General Cushman is another in a long line of apologists for the mistaken US intervention in the Vietnamese Civil War. Like the others he is comforted by the possibility the US "might have won the war" if only we had done things differently - in this case according to his personal after-the-fact scheme. The fact is we got our butts kicked by a bunch of underfed peasants in black pajamas and flip-flops armed with AK 47s and little else. The war cost a staggering number of US deaths (58,722) wounded (303,644) and MIA (1,678) and billions in treasure.

What happened afterwards proved that the whole perception of the Vietnam conflict from the US perspective wrong: there was no "domino effect". The unification of Vietnam was achieved without our involvement, and Vietnam has become a trading partner. The global communist conspiracy proved to be a fiction, existing principally in the minds of US politicians and the jingoistic press. Without it we had to wait for the "global terrorism" to find another reason to fire up those war machines again and make the military-industrial complex flush. (Grenada and Panama were really too small to sate their appetitie for blood and money)

Until we accept the fact that such interventions in the affairs of second-rate countries is both costly and - ultimately - fruitless, we will continue to blunder into more wars where the extent of our national interest is unclear. And we will continue to waste the lives of our young and the treasure of our nation.

 

ERIC_STRATTONIII

6:22 PM ET

February 9, 2012

@Jaydee

We hardly got our butts kicked, at the tactical and operational level things went fine but going out and killing a ton of guys does not always win a war. Estimates are low at 1.5 million killed on the North's side, compared to roughly 50k on ours it not what I would call a butt kicking. Strategically is where we lost this, plain and simple and to be frank, we screwed the South by getting them to the Paris Peace Accords, getting them to sign off on it by promising air support and finance and then taking both of those things away. The first time the North tried to mass and invade the South they were decimated by air strikes, next time we did not provide that and eventually the South lost. In short, we screwed the south and screwed them hard.
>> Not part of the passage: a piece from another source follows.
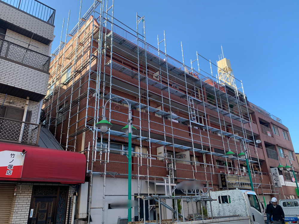 足立区竹の塚の集合住宅外壁塗装/店舗前の開口足場

Then, as now, we were not willing to do what was needed to win a conflict like this and arm chairing and looking at what went right and wrong is how we learn from history as Eric Hammel points out.

 

ERIC HAMMEL

1:35 AM ET

February 10, 2012

Comes Down To

What it really all comes down to is that there really isn't a way short of genocide to defeat a society that is willing to sacrifice one military generation after another to attain victory or simply, as in Vietnam, oblige the other side to wear itself out and walk away.

Tet 1968 was a strategic and operational victory for the U.S. that destroyed the VC as a coherent military and political force and wiped out that generation of young North Vietnamese as an offensive military force. The VC never recovered, and it took until 1972 for the North Vietnamese to cobble its next generation of cannon fodder into an offensive army. The 1972 offensive was defeated in large part by U.S. supporting arms, so it took another few years to raise yet another generation of cannon fodder. By then, the NVA had become sufficiently mechanized to pose a real threat, the South had not had a settled government in a decade, and no U.S. supporting arms were the least bit in the offing.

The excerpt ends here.